Complete step-by-step solution:
According to the given question, we have a fractional polynomial expression which we have to express in partial form.
We will begin with writing the given expression, we have,
$\dfrac{1}{{{x}^{3}}-6{{x}^{2}}+9x}$----(1)
\[\Rightarrow \dfrac{1}{x({{x}^{2}}-6x+9)}\]------(2)
We will first factorize the polynomial we have, we get,
 \[{{x}^{2}}-6x+9\]
\[\Rightarrow {{x}^{2}}-(3+3)x+3\times 3\]
\[\Rightarrow {{x}^{2}}-3x-3x+9\]
\[\Rightarrow x(x-3)-3(x-3)\]
Taking common terms out, we get,
\[\Rightarrow (x-3)(x-3)\]
We can rewrite the equation (2) as,
\[\dfrac{1}{x({{x}^{2}}-6x+9)}=\dfrac{1}{x{{(x-3)}^{2}}}\]-----(3)
Let us write the equation as the sum of partial fraction, we get,
\[\dfrac{1}{x{{(x-3)}^{2}}}=\dfrac{A}{x}+\dfrac{B}{(x-3)}+\dfrac{C}{{{(x-3)}^{2}}}\]-----(4)

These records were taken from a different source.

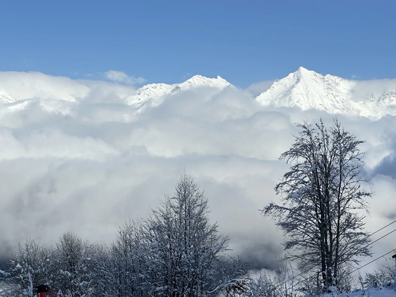 На курорте «Роза Хутор» выросли сугробы – за сутки на отметке 2320 м здесь намело 20 см свежего снега, и высота снежного покрова выросла до 45 см. Сейчас снег продолжает идти, а видимость составляет 50 метров.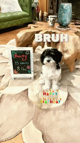 A cute black and white puppy named Bucky celebrates his birthday, sitting next to a sign detailing his age and weight.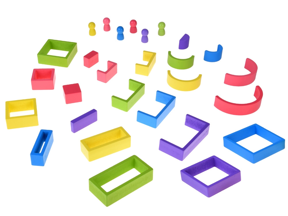 Τόξα, πλαίσια, γέφυρες και άλλα σχήματα μπορούν να στοιβάζονται, να κουμπώνουν και να ισορροπούν. Τα παιδιά εξασκούν τη λεπτή κινητικότητα και η μάθηση γίνεται φυσικά μέσα από το παιχνίδι.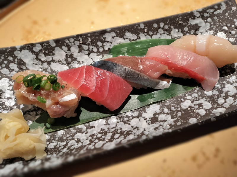 お目当ての握りです。“なめろう”と金目鯛が絶品でしたよ。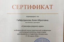 Наша ученица 10 класса Гайфутдинова Алия выступила в Всероссийской научно-практической конференции "Актуальные вопросы подготовки школьников и студентов к профессии" с докладом "Сувениры родного края".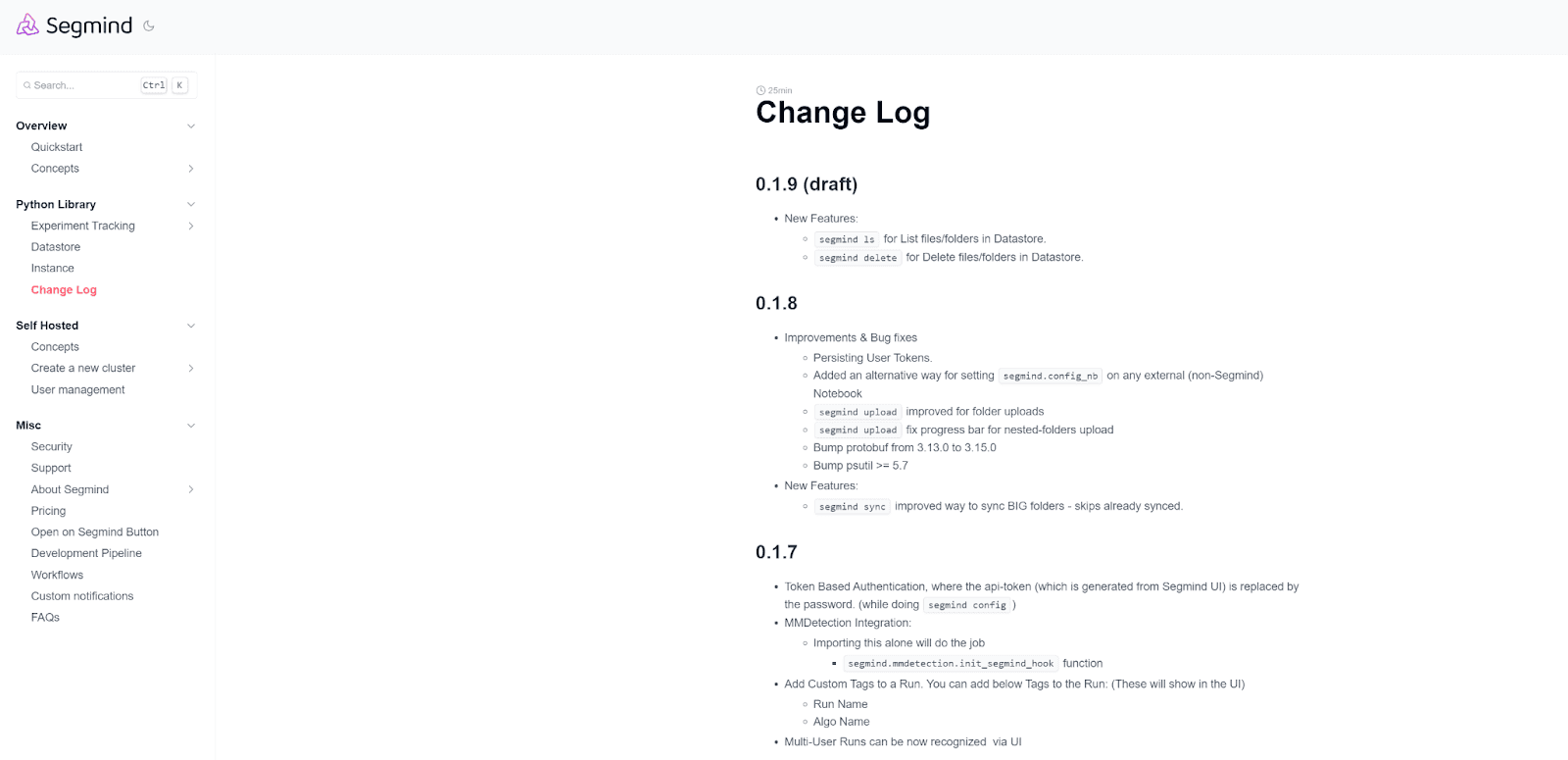 For example, Segmind has placed its changelog within its Python Library section, which makes sense because this resource is of great use to developer users of the product who need to keep track of bugs and changes to the code.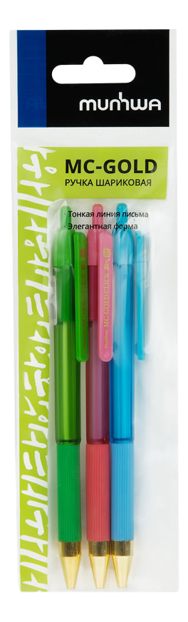 Ручка шариковая Munhwa MC Gold Click, синяя, 0,5 мм 3 шт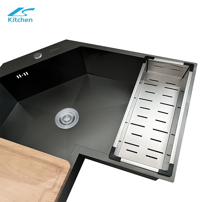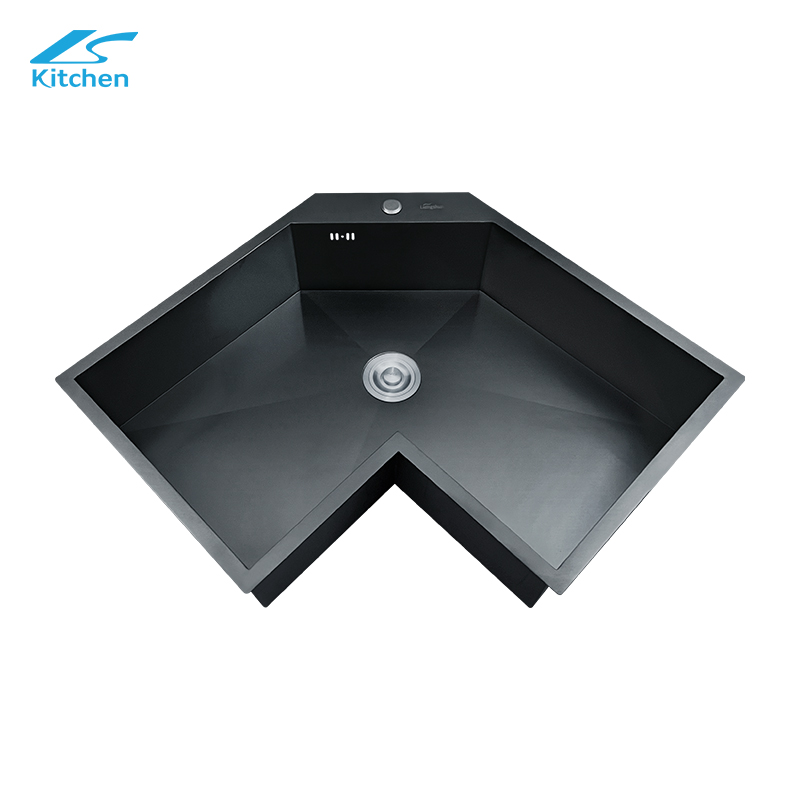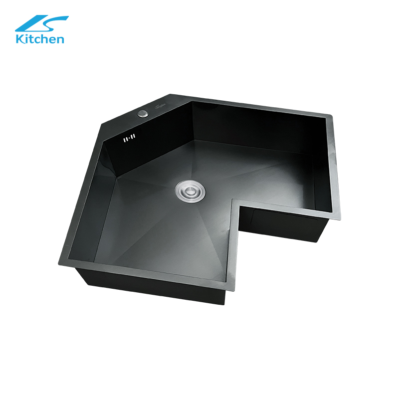Семейная гостиничная раковина ручной работы Nano black modern light luxury в стиле люкс L-образной формы LS-7848SHB-R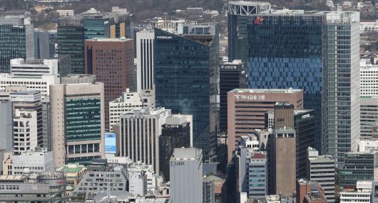 서울 남산에서 바라본 도심 주요 기업체 건물들./연합뉴스 |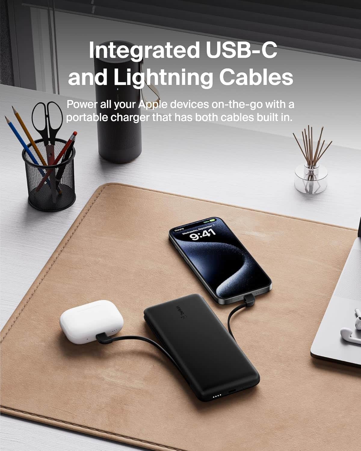 Thanks for the review! We’re so glad you’re finding our BOOSTCHARGE power bank handy with its integrated USB-C and Lightning cables! We’re happy you love it!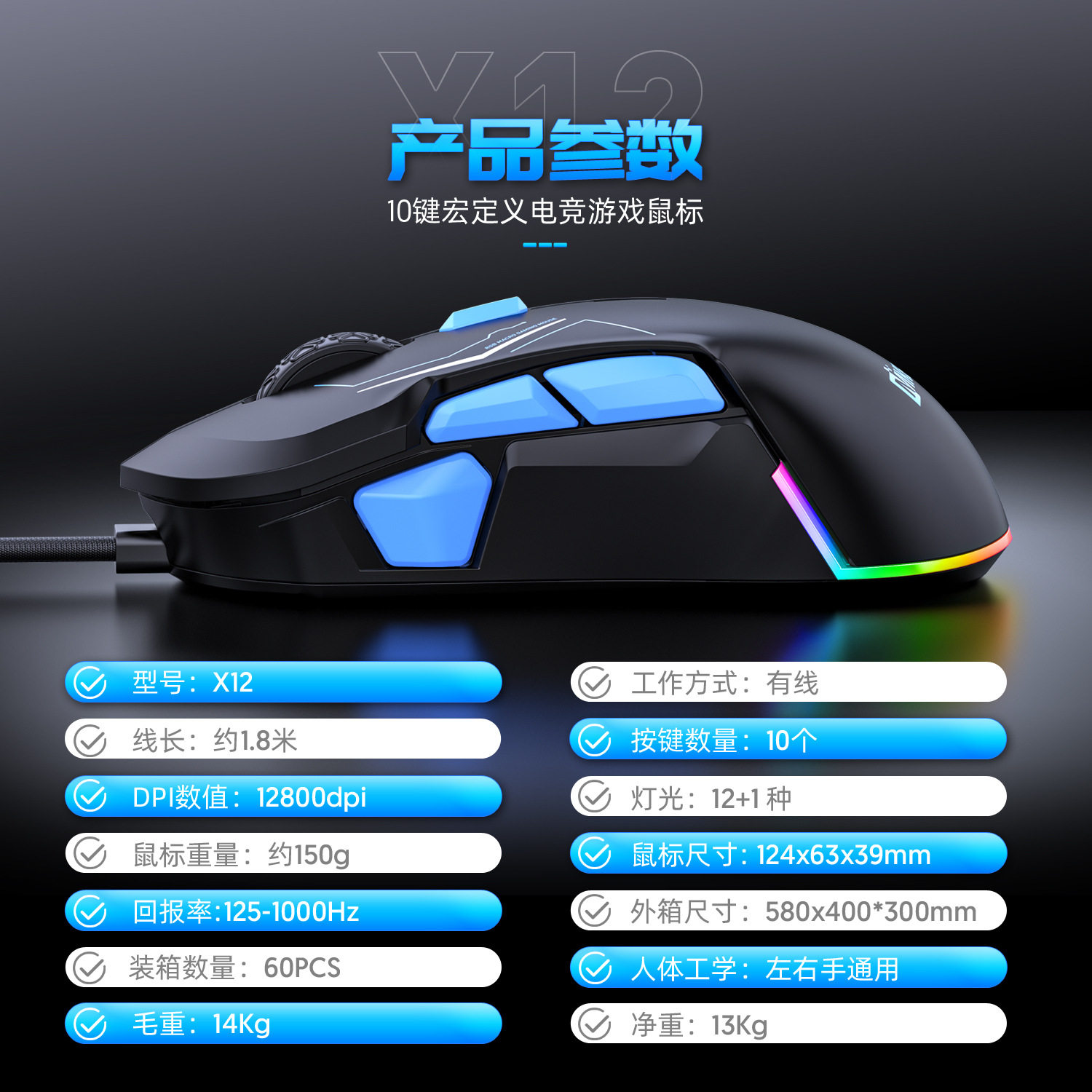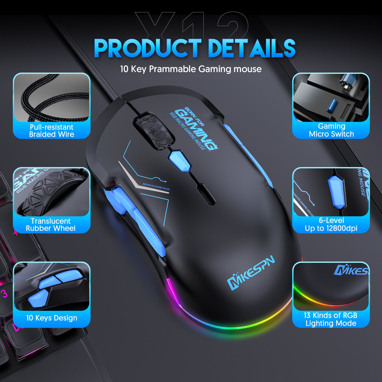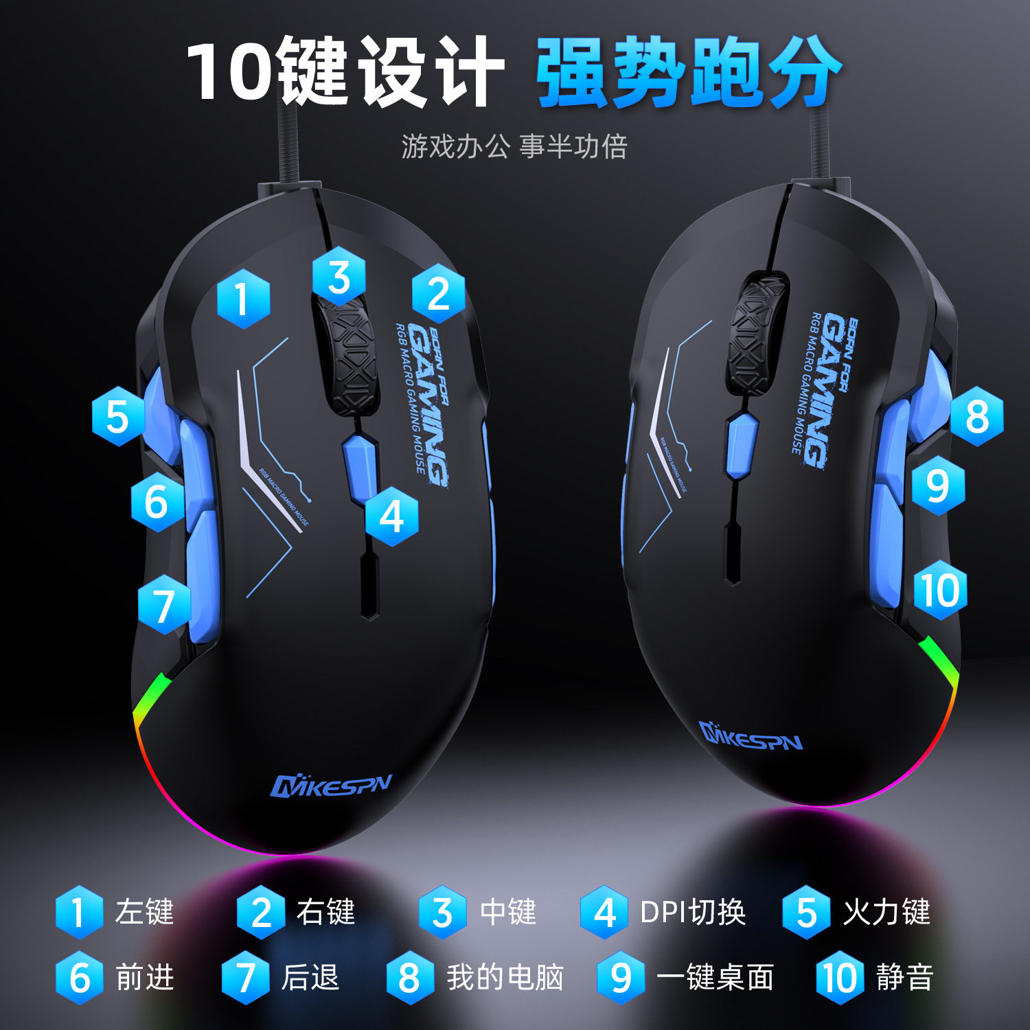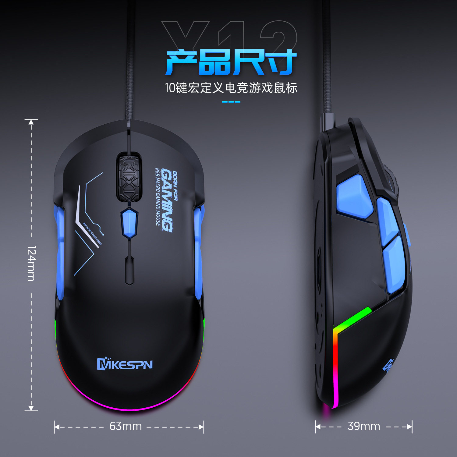 12800Dpi Left-Hand/Right-Hand Symmetrical 10-Button Rgb Macro-Definable Gaming Wired Mouse E-Sports USB Rechargeable

We have to find the value of the variable A, B and C, so we will have to solve the RHS in the equation (4), we will begin by taking the LCM, we get,
\[\Rightarrow \dfrac{1}{x{{(x-3)}^{2}}}=\dfrac{A}{x}\times \dfrac{{{(x-3)}^{2}}}{{{(x-3)}^{2}}}+\dfrac{B}{(x-3)}\times \dfrac{x(x-3)}{x(x-3)}+\dfrac{C}{{{(x-3)}^{2}}}\times \dfrac{x}{x}\]
\[\Rightarrow \dfrac{1}{x{{(x-3)}^{2}}}=\dfrac{A({{x}^{2}}-6x+9)+B({{x}^{2}}-3x)+Cx}{x{{(x-3)}^{2}}}\]
Multiplying the terms, we get,
\[\Rightarrow \dfrac{1}{x{{(x-3)}^{2}}}=\dfrac{A{{x}^{2}}-6Ax+9A+B{{x}^{2}}-3Bx+Cx}{x{{(x-3)}^{2}}}\]
\[\Rightarrow \dfrac{1}{x{{(x-3)}^{2}}}=\dfrac{(A+B){{x}^{2}}+(-6A-3B+C)x+9A}{x{{(x-3)}^{2}}}\]
We will now compare the coefficients of \[{{x}^{2}}\], \[x\] and constant, from LHS and RHS, we get,
\[A+B=0\]----(5)
\[-6A-3B+C=0\]----(6)
\[9A=1\]---(7)
We get the value of A from equation (7), we have,
\[\Rightarrow A=\dfrac{1}{9}\]
Substituting the value of A in equation (5), we get,
\[\dfrac{1}{9}+B=0\]
\[\Rightarrow B=-\dfrac{1}{9}\]
Now, we substitute the value of A and B in equation (6), we have
\[\Rightarrow -6\left( \dfrac{1}{9} \right)-3\left( -\dfrac{1}{9} \right)+C=0\]
\[\Rightarrow \dfrac{-6}{9}+\dfrac{3}{9}+C=0\]
\[\Rightarrow \dfrac{-3}{9}+C=0\]
\[\Rightarrow C=\dfrac{1}{3}\]
Now, we have the values of A, B and C, now we will substitute the values in the equation (4), we get,
\[\dfrac{1}{x{{(x-3)}^{2}}}=\dfrac{1}{9x}+\dfrac{-1}{9(x-3)}+\dfrac{1}{3{{(x-3)}^{2}}}\]
Therefore, we get,
\[\dfrac{1}{{{x}^{3}}-6{{x}^{2}}+9x}=\dfrac{1}{9x}+\dfrac{-1}{9(x-3)}+\dfrac{1}{3{{(x-3)}^{2}}}\]

Note: While expressing the given expression in partial fraction, care should be taken while writing the terms. Before starting writing the expression, make sure that the polynomial in the denominator is factorized first and then expressed as a sum of partial fraction of each of the factors.